◆ **Task brief**:
For the entries below, the result should be an exact transcription of the lines from the one with "美国 Ergobaby婴儿腰凳透气背带轻便坐凳背袋腰凳正品4个月-4岁" up to and including the one with "Discover the timeless", and only those.

◆ **Provided records**:
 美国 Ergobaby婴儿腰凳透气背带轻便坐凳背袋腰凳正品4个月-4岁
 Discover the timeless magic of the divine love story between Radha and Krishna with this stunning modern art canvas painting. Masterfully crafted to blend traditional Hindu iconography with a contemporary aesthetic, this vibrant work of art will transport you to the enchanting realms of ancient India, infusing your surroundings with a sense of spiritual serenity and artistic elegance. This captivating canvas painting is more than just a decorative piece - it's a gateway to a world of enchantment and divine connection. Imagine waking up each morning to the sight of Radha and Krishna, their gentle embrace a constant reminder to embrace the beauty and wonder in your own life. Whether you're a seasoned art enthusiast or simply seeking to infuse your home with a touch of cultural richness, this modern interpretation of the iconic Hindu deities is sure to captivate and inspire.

==

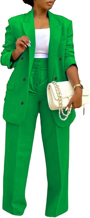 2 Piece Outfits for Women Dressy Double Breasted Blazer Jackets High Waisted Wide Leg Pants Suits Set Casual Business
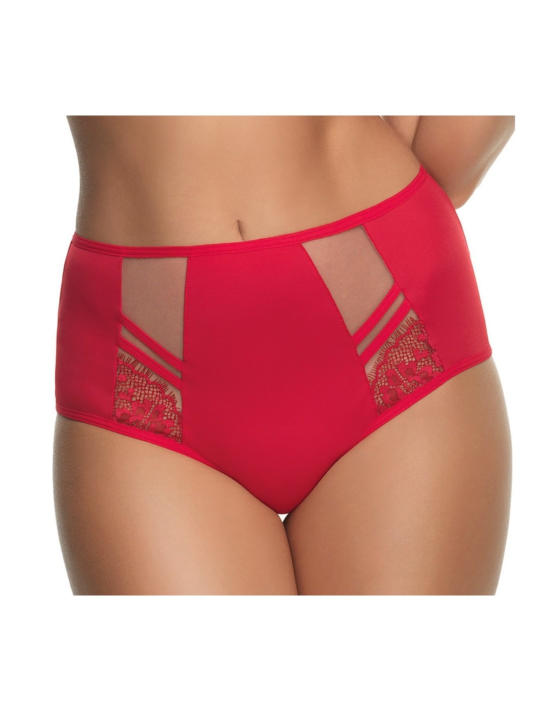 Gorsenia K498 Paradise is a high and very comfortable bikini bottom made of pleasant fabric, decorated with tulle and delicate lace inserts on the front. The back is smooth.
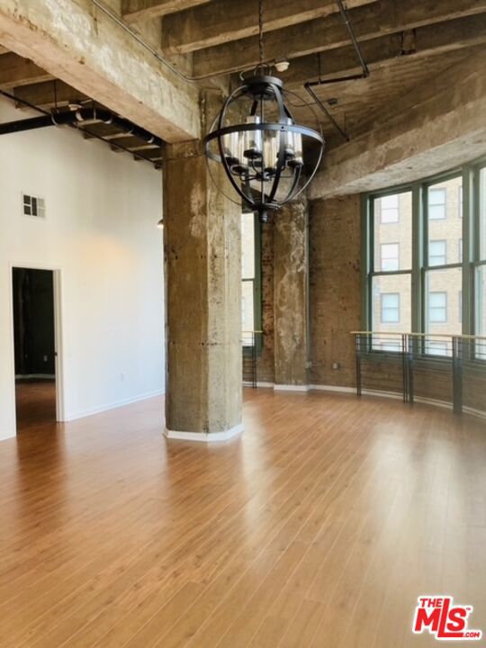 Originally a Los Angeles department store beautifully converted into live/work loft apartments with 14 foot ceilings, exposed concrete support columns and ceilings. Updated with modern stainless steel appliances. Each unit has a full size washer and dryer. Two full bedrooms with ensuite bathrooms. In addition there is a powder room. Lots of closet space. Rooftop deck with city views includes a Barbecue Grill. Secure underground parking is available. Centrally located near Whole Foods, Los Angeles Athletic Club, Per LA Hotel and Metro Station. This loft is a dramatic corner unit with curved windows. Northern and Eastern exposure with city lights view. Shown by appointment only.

◆ **Output**:
 美国 Ergobaby婴儿腰凳透气背带轻便坐凳背袋腰凳正品4个月-4岁
 Discover the timeless magic of the divine love story between Radha and Krishna with this stunning modern art canvas painting. Masterfully crafted to blend traditional Hindu iconography with a contemporary aesthetic, this vibrant work of art will transport you to the enchanting realms of ancient India, infusing your surroundings with a sense of spiritual serenity and artistic elegance. This captivating canvas painting is more than just a decorative piece - it's a gateway to a world of enchantment and divine connection. Imagine waking up each morning to the sight of Radha and Krishna, their gentle embrace a constant reminder to embrace the beauty and wonder in your own life. Whether you're a seasoned art enthusiast or simply seeking to infuse your home with a touch of cultural richness, this modern interpretation of the iconic Hindu deities is sure to captivate and inspire.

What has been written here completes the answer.